Exercise aim:
Where the line with "1 To 5 Ct Rhiannon" appears below, start writing out lines exactly, and finish with the line with "как выглядит Historical", which is included; write out nothing else.

Data for this task:
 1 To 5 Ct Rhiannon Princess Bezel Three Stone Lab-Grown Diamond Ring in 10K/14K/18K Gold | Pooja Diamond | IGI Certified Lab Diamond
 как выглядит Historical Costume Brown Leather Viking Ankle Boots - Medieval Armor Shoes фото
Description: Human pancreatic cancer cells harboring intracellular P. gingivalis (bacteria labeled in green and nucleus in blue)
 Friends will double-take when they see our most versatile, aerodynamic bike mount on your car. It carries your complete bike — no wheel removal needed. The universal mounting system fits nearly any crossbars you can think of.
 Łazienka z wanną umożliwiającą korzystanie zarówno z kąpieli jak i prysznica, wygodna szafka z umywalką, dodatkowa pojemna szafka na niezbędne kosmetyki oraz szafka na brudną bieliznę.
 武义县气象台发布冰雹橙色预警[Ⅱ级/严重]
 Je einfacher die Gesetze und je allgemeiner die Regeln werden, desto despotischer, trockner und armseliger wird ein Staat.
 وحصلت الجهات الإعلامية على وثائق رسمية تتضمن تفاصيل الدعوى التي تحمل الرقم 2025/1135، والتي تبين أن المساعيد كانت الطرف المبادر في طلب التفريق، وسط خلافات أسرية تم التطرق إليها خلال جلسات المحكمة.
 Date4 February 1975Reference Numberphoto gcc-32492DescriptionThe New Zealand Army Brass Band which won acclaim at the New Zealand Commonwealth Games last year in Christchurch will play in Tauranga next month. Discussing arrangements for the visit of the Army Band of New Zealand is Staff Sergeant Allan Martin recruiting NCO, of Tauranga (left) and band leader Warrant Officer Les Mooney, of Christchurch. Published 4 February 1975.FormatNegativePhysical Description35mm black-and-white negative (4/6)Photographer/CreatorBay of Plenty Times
---
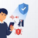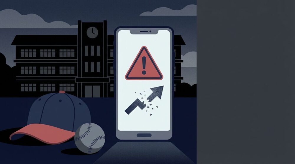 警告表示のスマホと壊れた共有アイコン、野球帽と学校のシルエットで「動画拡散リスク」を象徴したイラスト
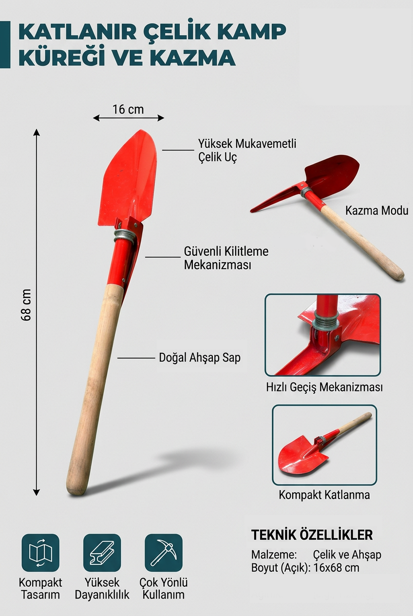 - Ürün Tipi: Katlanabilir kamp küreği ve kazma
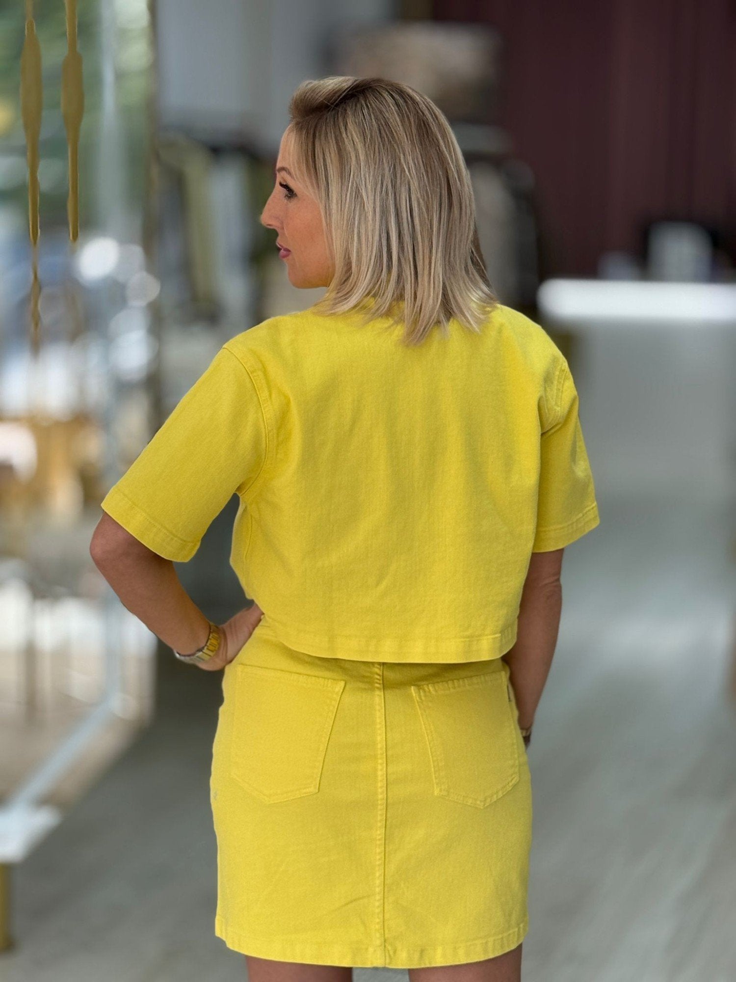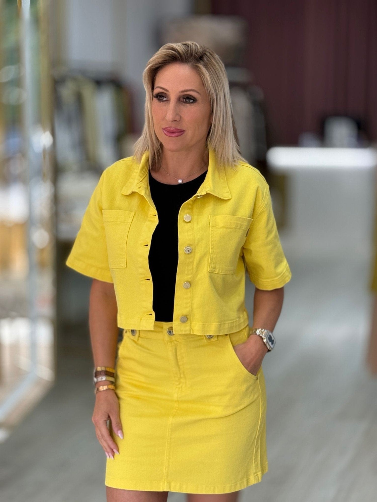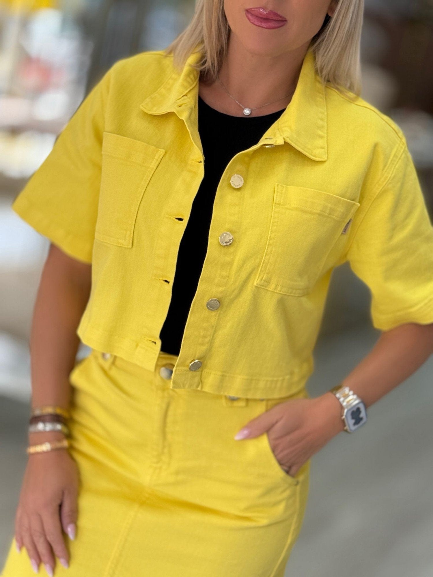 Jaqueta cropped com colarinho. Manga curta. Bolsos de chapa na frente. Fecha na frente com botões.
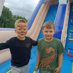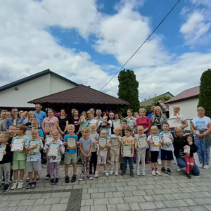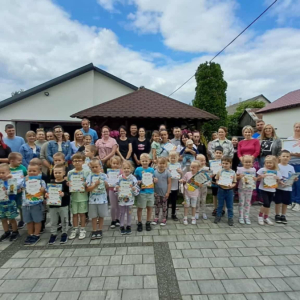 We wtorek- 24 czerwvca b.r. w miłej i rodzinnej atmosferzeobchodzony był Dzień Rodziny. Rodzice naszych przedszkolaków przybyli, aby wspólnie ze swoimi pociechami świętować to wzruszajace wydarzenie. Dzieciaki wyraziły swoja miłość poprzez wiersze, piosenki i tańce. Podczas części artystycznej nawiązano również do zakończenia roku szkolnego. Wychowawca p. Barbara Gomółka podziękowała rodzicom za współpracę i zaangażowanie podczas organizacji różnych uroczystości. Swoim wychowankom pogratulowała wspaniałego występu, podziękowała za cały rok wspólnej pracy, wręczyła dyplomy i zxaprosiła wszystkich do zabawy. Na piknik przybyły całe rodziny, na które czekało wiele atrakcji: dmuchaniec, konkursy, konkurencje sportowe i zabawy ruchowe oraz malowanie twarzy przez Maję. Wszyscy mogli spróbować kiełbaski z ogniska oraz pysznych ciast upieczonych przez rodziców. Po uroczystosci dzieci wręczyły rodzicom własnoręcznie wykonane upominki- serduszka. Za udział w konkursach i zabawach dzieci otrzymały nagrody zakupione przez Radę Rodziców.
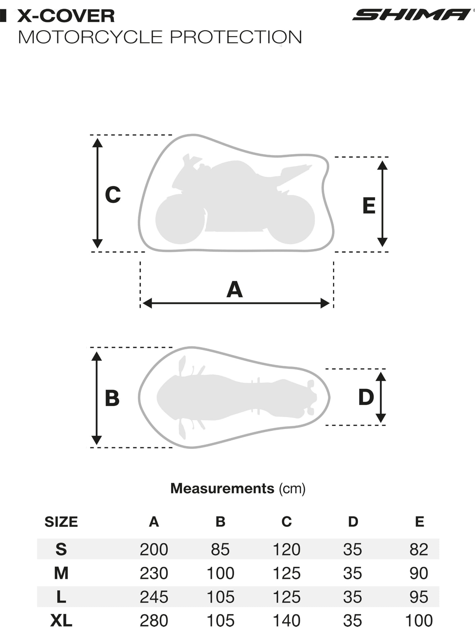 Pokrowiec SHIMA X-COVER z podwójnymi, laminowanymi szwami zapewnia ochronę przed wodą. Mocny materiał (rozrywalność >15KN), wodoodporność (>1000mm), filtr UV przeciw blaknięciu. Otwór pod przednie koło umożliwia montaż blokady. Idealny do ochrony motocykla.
* * *
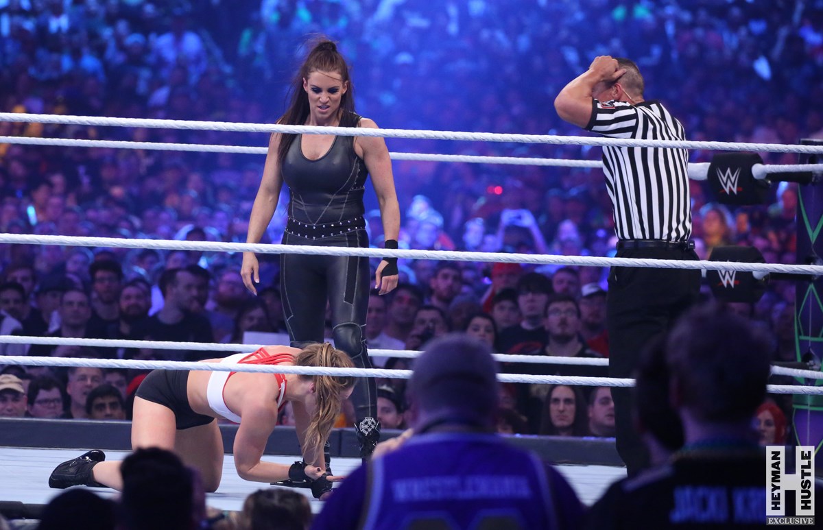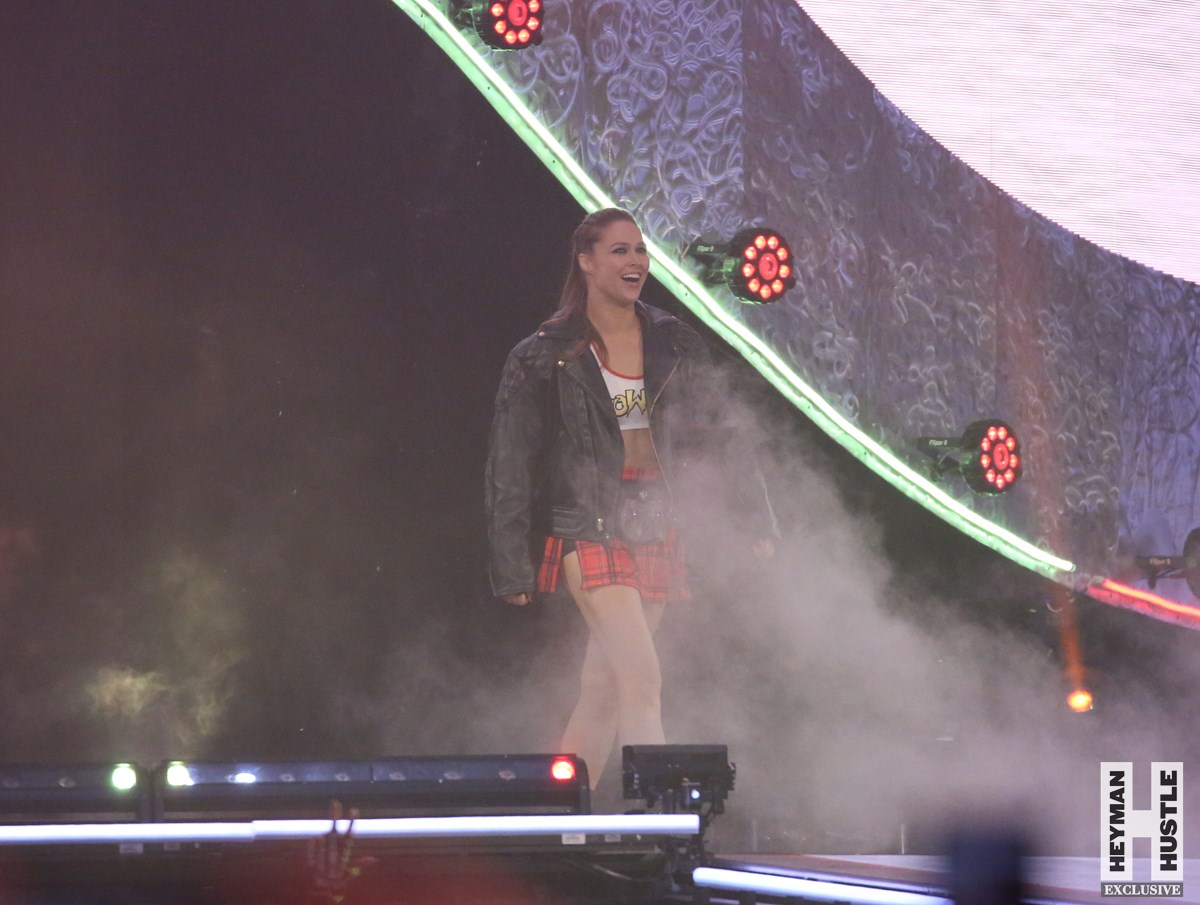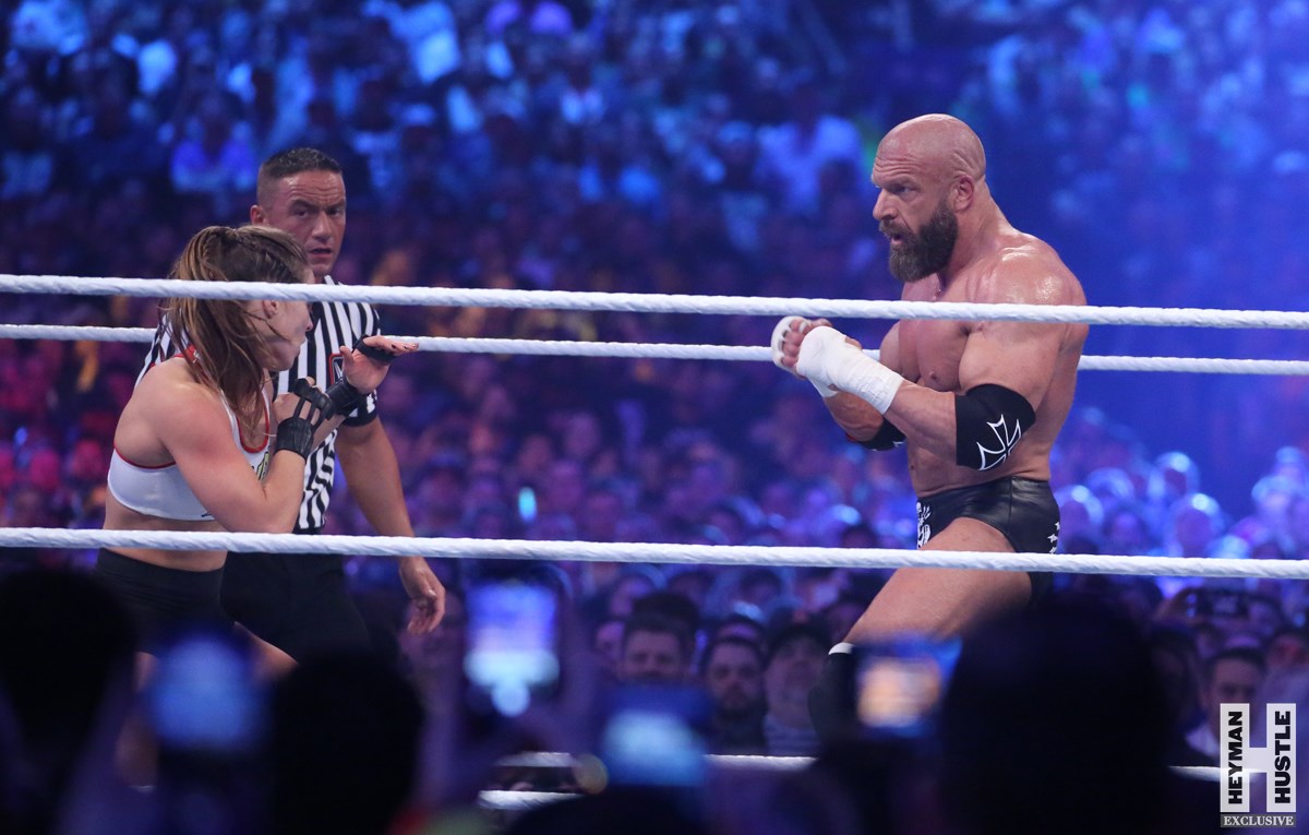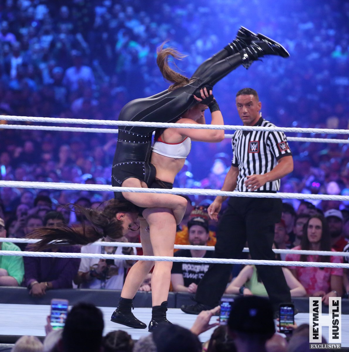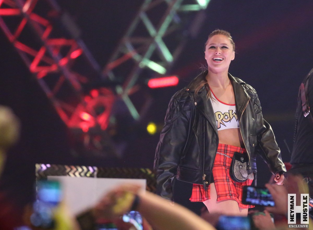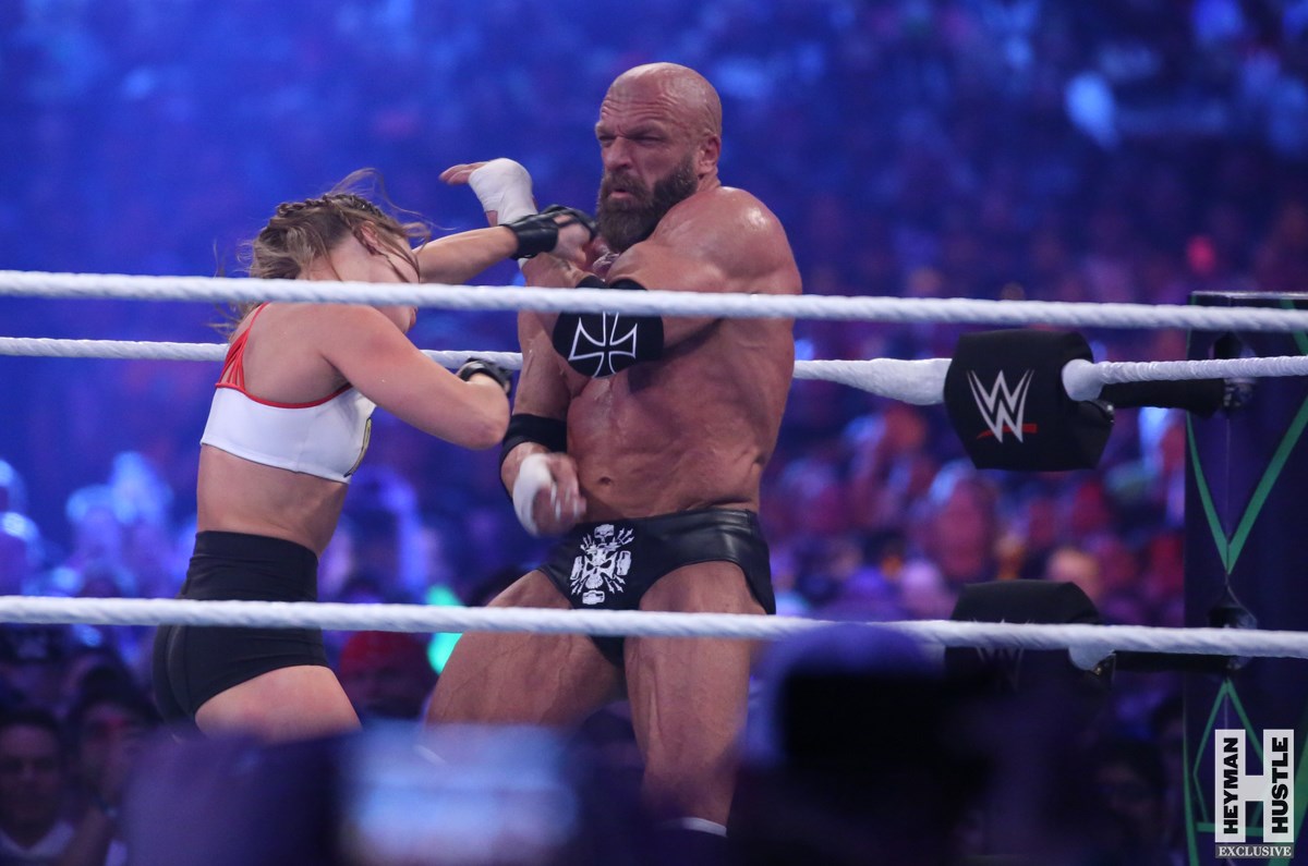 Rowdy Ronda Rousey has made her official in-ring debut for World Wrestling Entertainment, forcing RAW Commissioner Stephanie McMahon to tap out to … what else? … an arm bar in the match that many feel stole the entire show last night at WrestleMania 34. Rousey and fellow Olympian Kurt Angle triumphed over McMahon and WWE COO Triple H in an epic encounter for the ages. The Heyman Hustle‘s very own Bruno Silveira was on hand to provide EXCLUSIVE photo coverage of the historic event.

Completed exercise:
 1 To 5 Ct Rhiannon Princess Bezel Three Stone Lab-Grown Diamond Ring in 10K/14K/18K Gold | Pooja Diamond | IGI Certified Lab Diamond
 как выглядит Historical Costume Brown Leather Viking Ankle Boots - Medieval Armor Shoes фото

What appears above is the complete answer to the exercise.